Ther Umsch. 2025 Dec;82(6):209-214. doi: 10.23785/TU.2025.06.007.
ABSTRACT
Acute altitude illnesses are significant can occur in unacclimatized individuals at altitudes above 2,500 meters. They essentially comprise three clinical pictures: Acute Mountain Sickness (AMS), High Altitude Cerebral Edema (HACE), and High Altitude Pulmonary Edema (HAPE), which can manifest alone or in combination. All are triggered by hypobaric hypoxia, with individual predisposition, pre-existing medical comorbidities and in particular ascent rate and destination altitude influencing risk. AMS is the most common, presenting with headache, nausea, dizziness, and fatigue.
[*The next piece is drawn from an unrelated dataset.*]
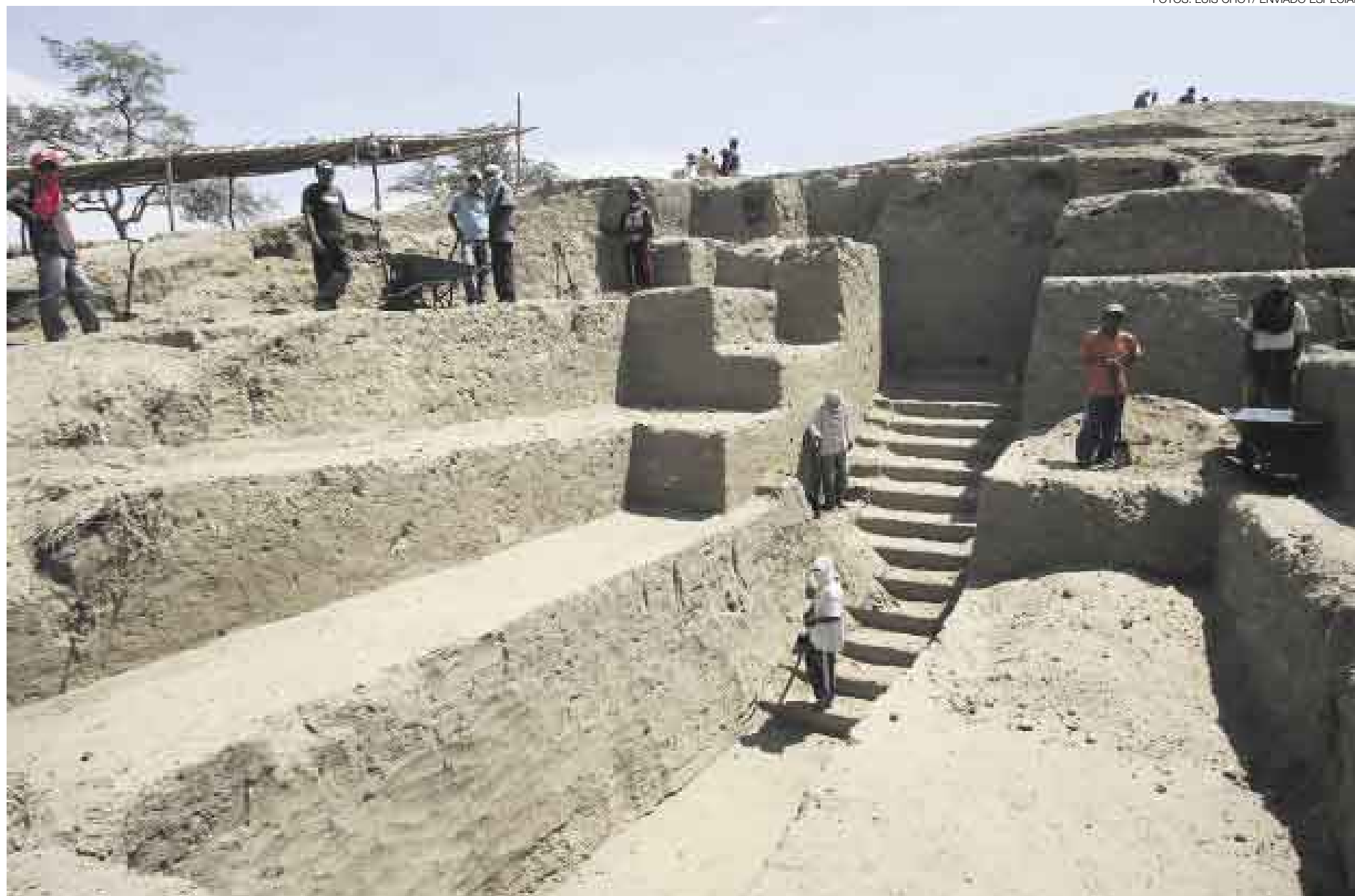
ADORATORIO. Los cuidadosos trabajos de los arqueólogos logran hacer resurgir la imponente estructura del 'templo del venado cautivo'. Sus muros se elevan hasta los seis metros y medio.

Mientras decenas de trabajadores continuaban con el desentierro del prehistórico templo, Alva trataba de descifrar las escenas hasta que, luego de varios días de análisis, concluyó que se trataba de escenas repetitivas, en las que se aprecia una red multicolor dentro de la cual se observa un venado cautivo tratando

Prevention includes slow ascent, pre-acclimatization, and eventually acetazolamide or dexamethasone. In severe cases, descent, oxygen therapy, and dexamethasone are key. HACE is considered a life-threatening complication of AMS with ataxia, altered consciousness, and neurological deficits. Pathophysiologically, vasogenic edema, hypoxic cell injury, and disturbed cerebrospinal fluid dynamics play a role. Treatment also includes descent, oxygen therapy, and dexamethasone. HAPE is a non-cardiogenic pulmonary edema due to an excessive hypoxic pulmonary vasoconstriction with consecutive elevation of pulmonary artery pressure and increased capillary pressure. Symptoms include dyspnea and cough; clinically, cyanosis and crackles are evident. Treatment requires descent, oxygen therapy, and possibly nifedipine or PDE-5-inhibitors. If untreated, HACE and HAPE progress rapidly and can be fatal. Prevention, early recognition and immediate treatment are crucial.